# EXERCISE AIM
Only text lines belong in the answer: the lines from the first one in the records through the line with "por la Sierra", copied exactly.

[RECORD EXTRACTS — start]

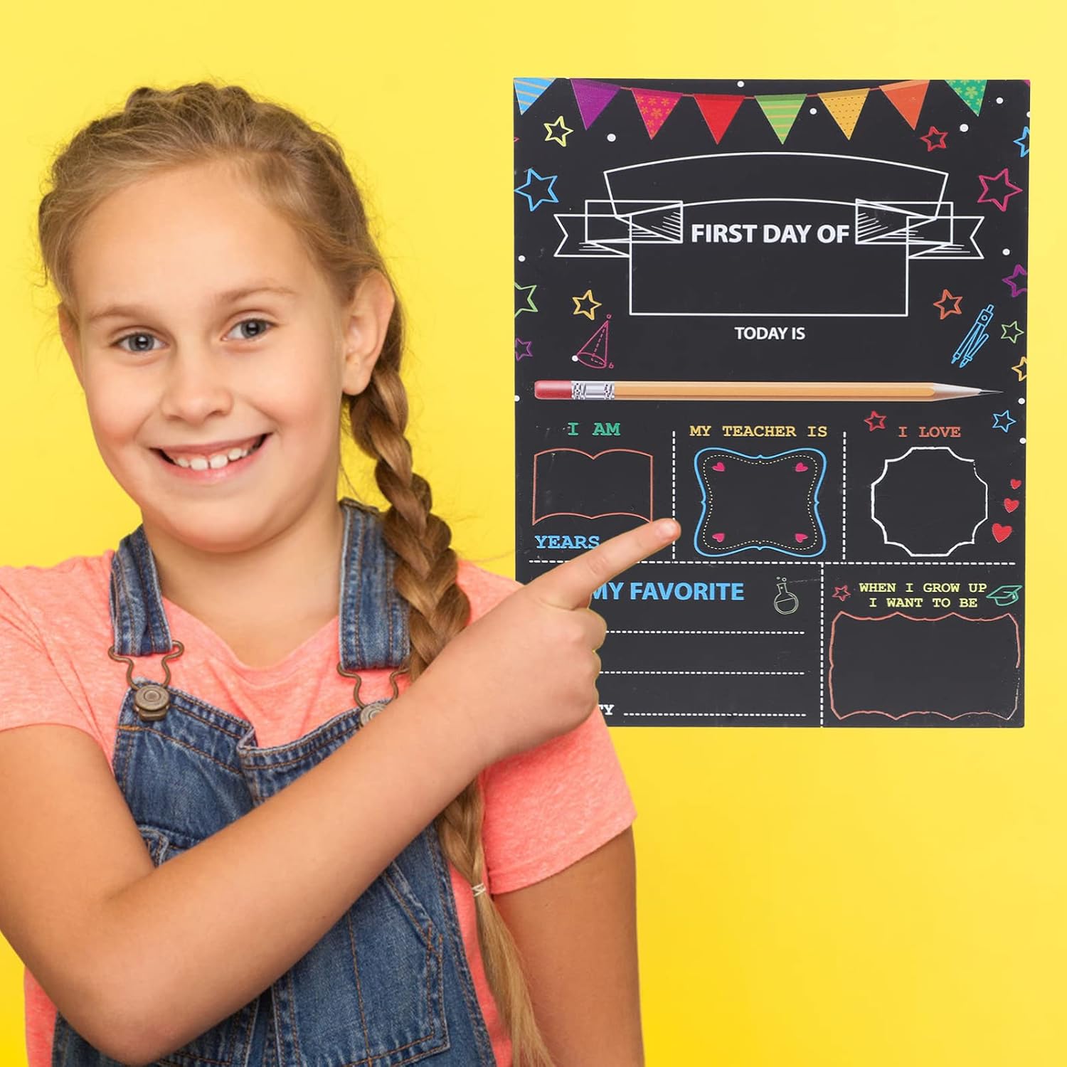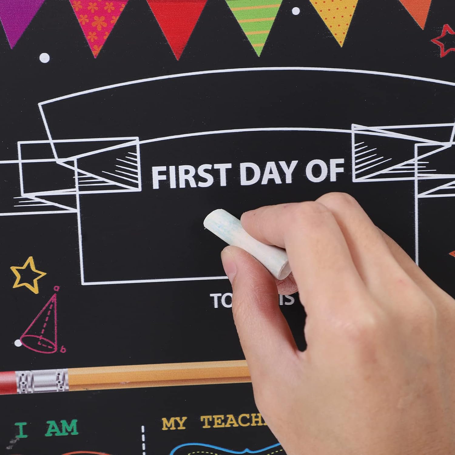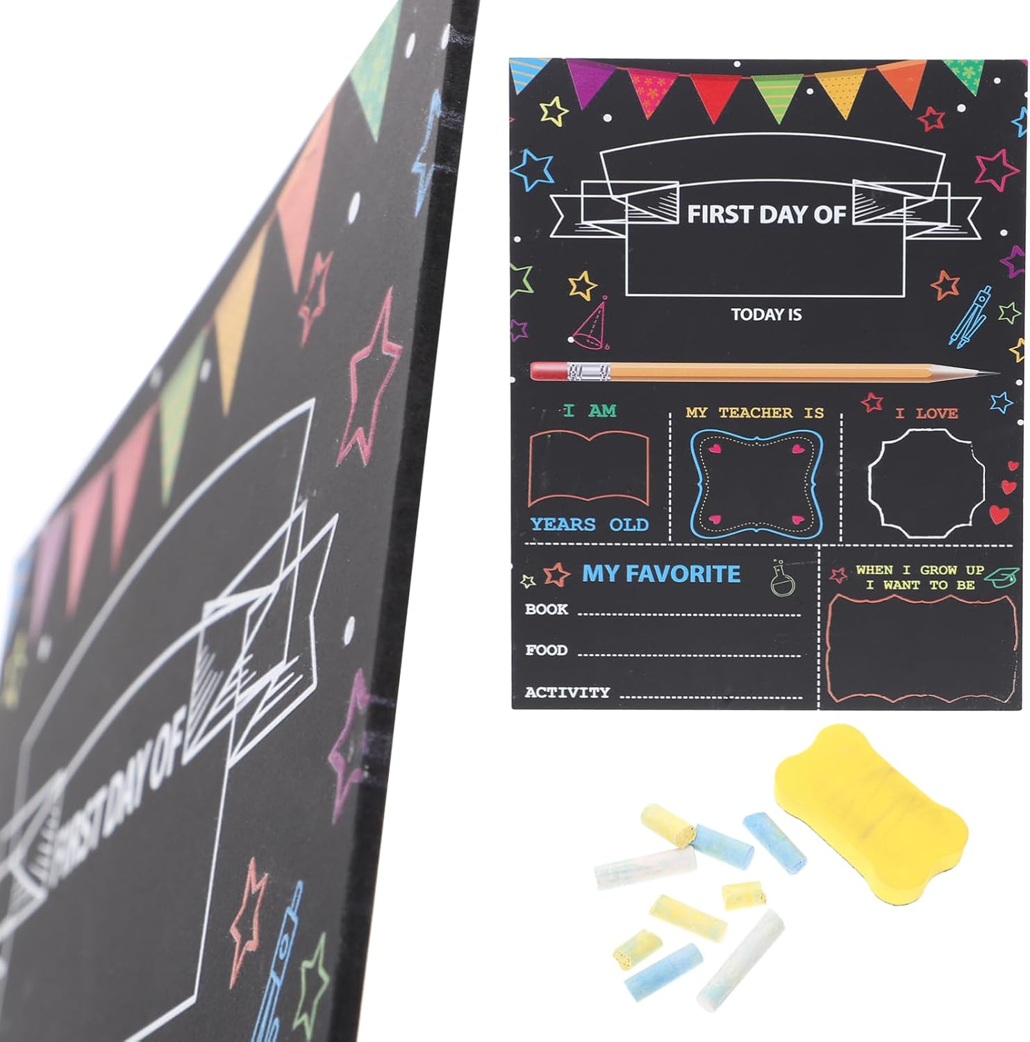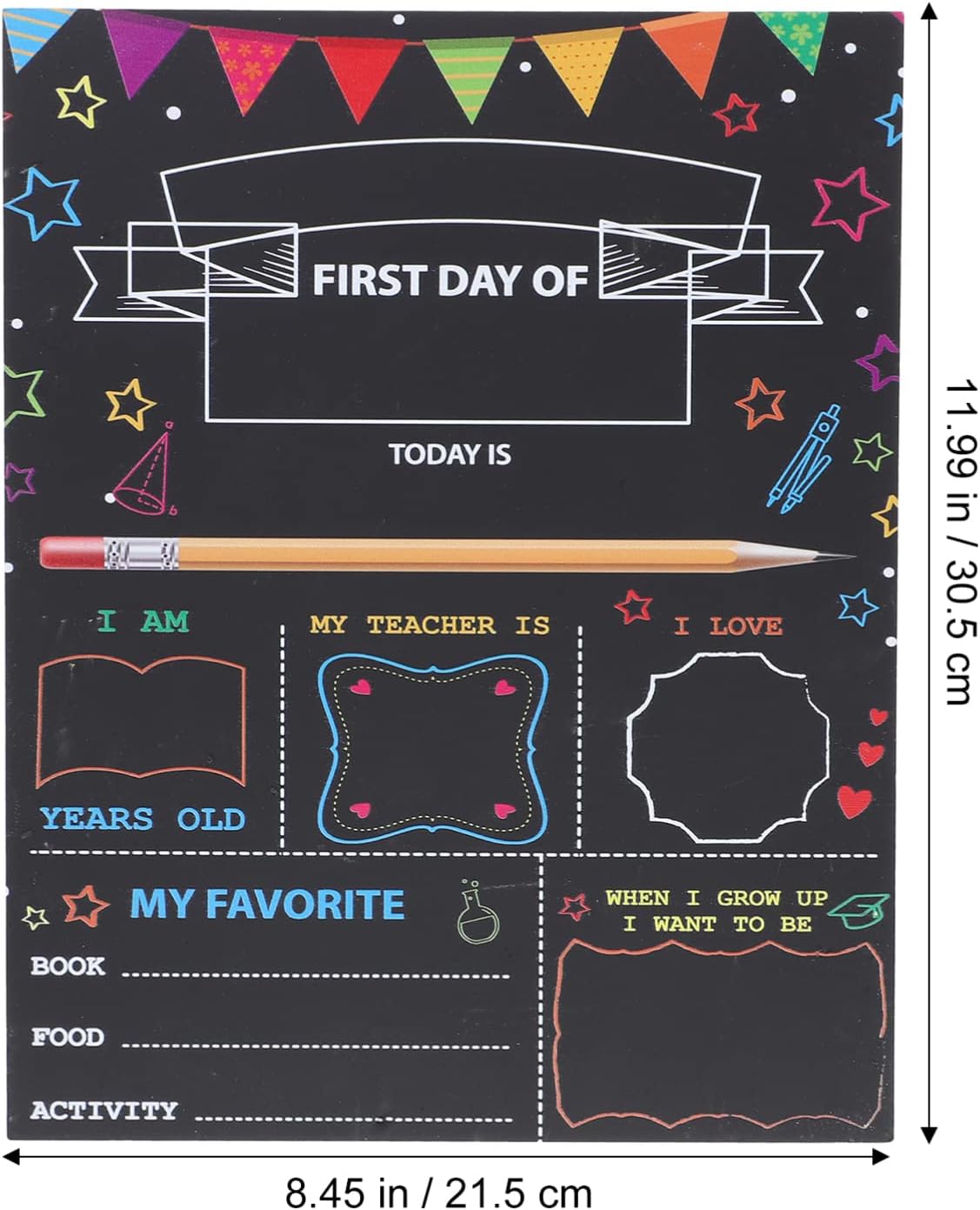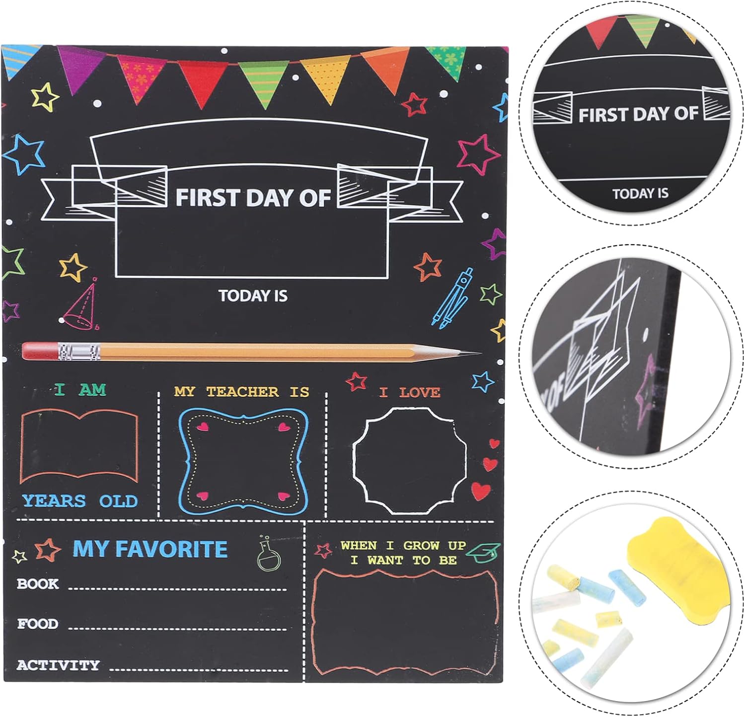 DIMENSIONI IDEALI PER LE FOTO: 12 x 8 pollici, generose, da tenere in mano bambini mentre mostrano il loro voto, il dell'insegnante e le loro aspirazioni. SET COMPLETO DI ACCESSORI PER LA FOTOGRAFIA: CONTIENE TUTTO L'ESSENZIALE: 1 LAVAGNA DECORATIVA BIFACCIALE, GESSETTI DI CASUALI E UNA PRATICA MINI GOMMA-spugna. DEL PRIMO : cattura i ricordi più preziosi con questa lavagna riutilizzabile, progettata appositamente per le foto del primo di scuola e per le tradizioni annuali. DESIGN BIFACCIALE: realizzata in materiale composito di plastica e legno, questa robusta tavola presenta due lati utilizzabili e pulisce facilmente, potendo essere riutilizzata ogni anno. GRAFICA VIVACE A TEMA SCOLASTICO: presenta allegri disegni stampati che lo rendono sia un funzionale accessorio fotografico che un'affascinante decorazione per l'aula.
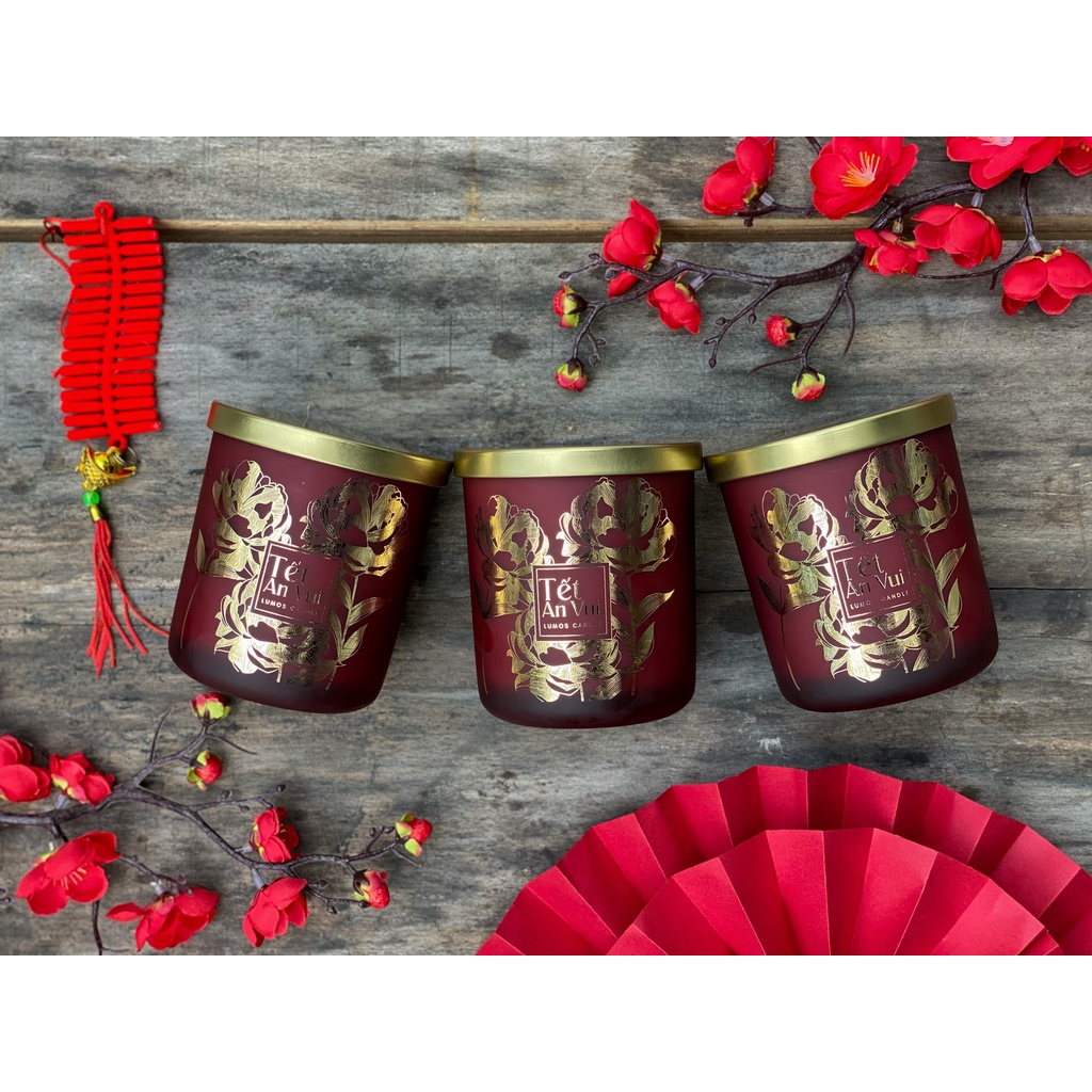 Nến Thơm Cao Cấp Lumos TẾT AN VUI (Hương gỗ sồi, đàn hương, tuyết tùng/ Hương hoa dành dành, nhài, quỳnh hương) – NT34
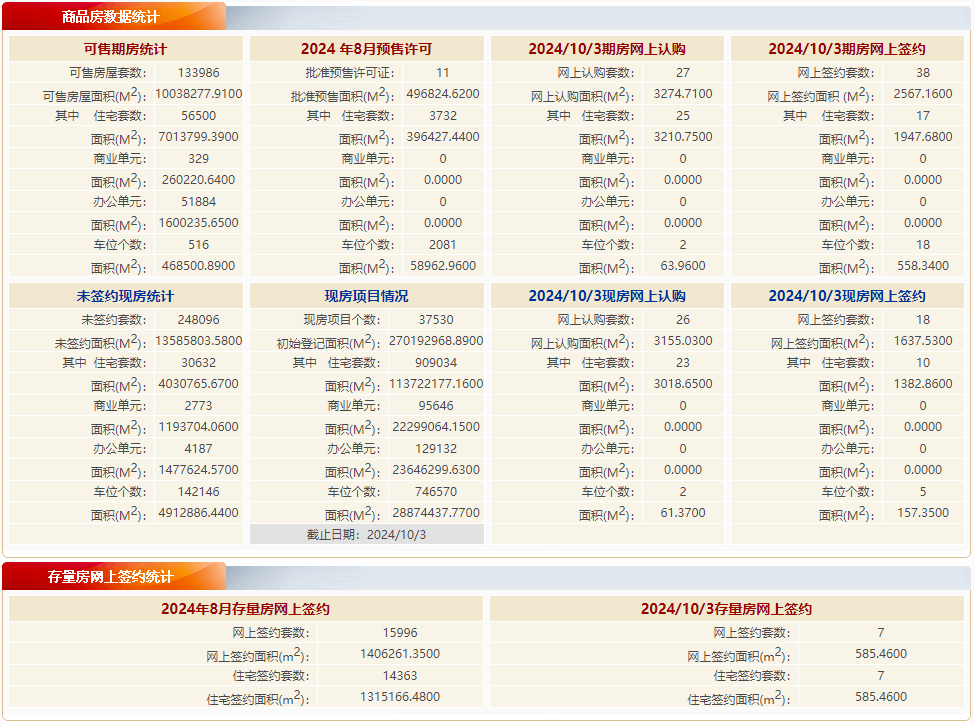根据北京市住房和城乡建设委员会数据:10月3日,北京新房住宅网签27套,网签面积3,330.54㎡;二手房住宅网签7套,网签面积约585.46㎡。
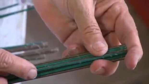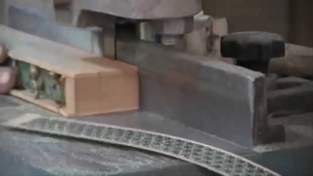 Step12: cortamos "ghameh" por la Sierra de banda que tiene una cuchilla especial para convertir las capas a las capas 1-2 mm. Lo llamamos "lengeh" (Figura 22)
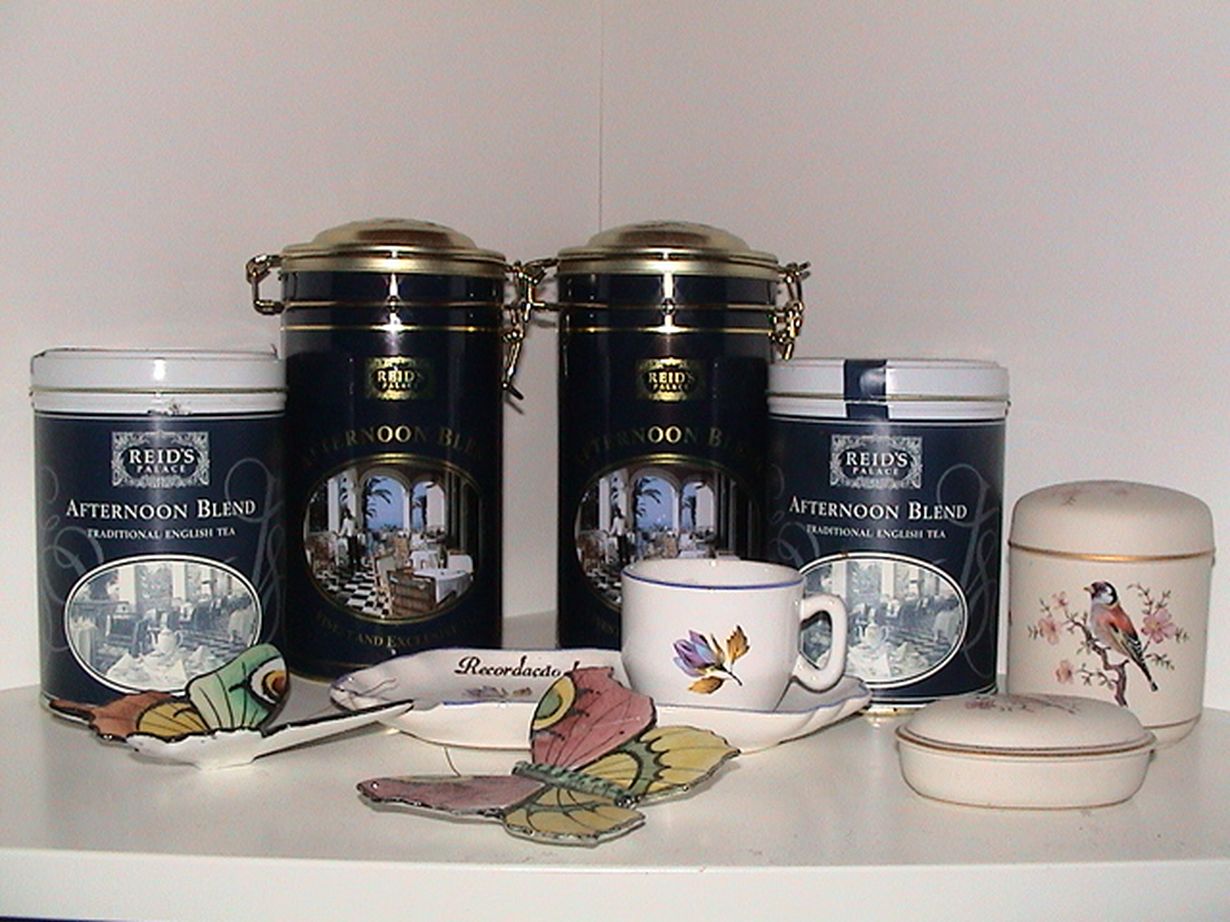 Madeiralla käydessäni olen usein käynyt Reid´s Palacessa iltapäiväteellä ja sieltä olen ostanut myös mukaan heidän omaa erinomaista teetä, joiden peltipurkit olen säilyttänyt muistona.
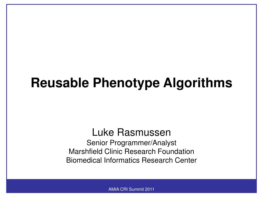 Reusable Phenotype Algorithms Luke Rasmussen Senior Programmer/Analyst Marshfield Clinic Research Foundation Biomedical Informatics Research Center AMIA CRI Summit 2011
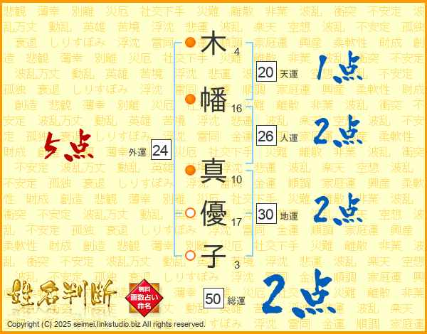 木(4画)幡(16画) 真(10画)優(17画)子(3画)

[RECORD EXTRACTS — finish]

# RESULT FOR THIS EXERCISE
 DIMENSIONI IDEALI PER LE FOTO: 12 x 8 pollici, generose, da tenere in mano bambini mentre mostrano il loro voto, il dell'insegnante e le loro aspirazioni. SET COMPLETO DI ACCESSORI PER LA FOTOGRAFIA: CONTIENE TUTTO L'ESSENZIALE: 1 LAVAGNA DECORATIVA BIFACCIALE, GESSETTI DI CASUALI E UNA PRATICA MINI GOMMA-spugna. DEL PRIMO : cattura i ricordi più preziosi con questa lavagna riutilizzabile, progettata appositamente per le foto del primo di scuola e per le tradizioni annuali. DESIGN BIFACCIALE: realizzata in materiale composito di plastica e legno, questa robusta tavola presenta due lati utilizzabili e pulisce facilmente, potendo essere riutilizzata ogni anno. GRAFICA VIVACE A TEMA SCOLASTICO: presenta allegri disegni stampati che lo rendono sia un funzionale accessorio fotografico che un'affascinante decorazione per l'aula.
 Nến Thơm Cao Cấp Lumos TẾT AN VUI (Hương gỗ sồi, đàn hương, tuyết tùng/ Hương hoa dành dành, nhài, quỳnh hương) – NT34
根据北京市住房和城乡建设委员会数据:10月3日,北京新房住宅网签27套,网签面积3,330.54㎡;二手房住宅网签7套,网签面积约585.46㎡。
 Step12: cortamos "ghameh" por la Sierra de banda que tiene una cuchilla especial para convertir las capas a las capas 1-2 mm. Lo llamamos "lengeh" (Figura 22)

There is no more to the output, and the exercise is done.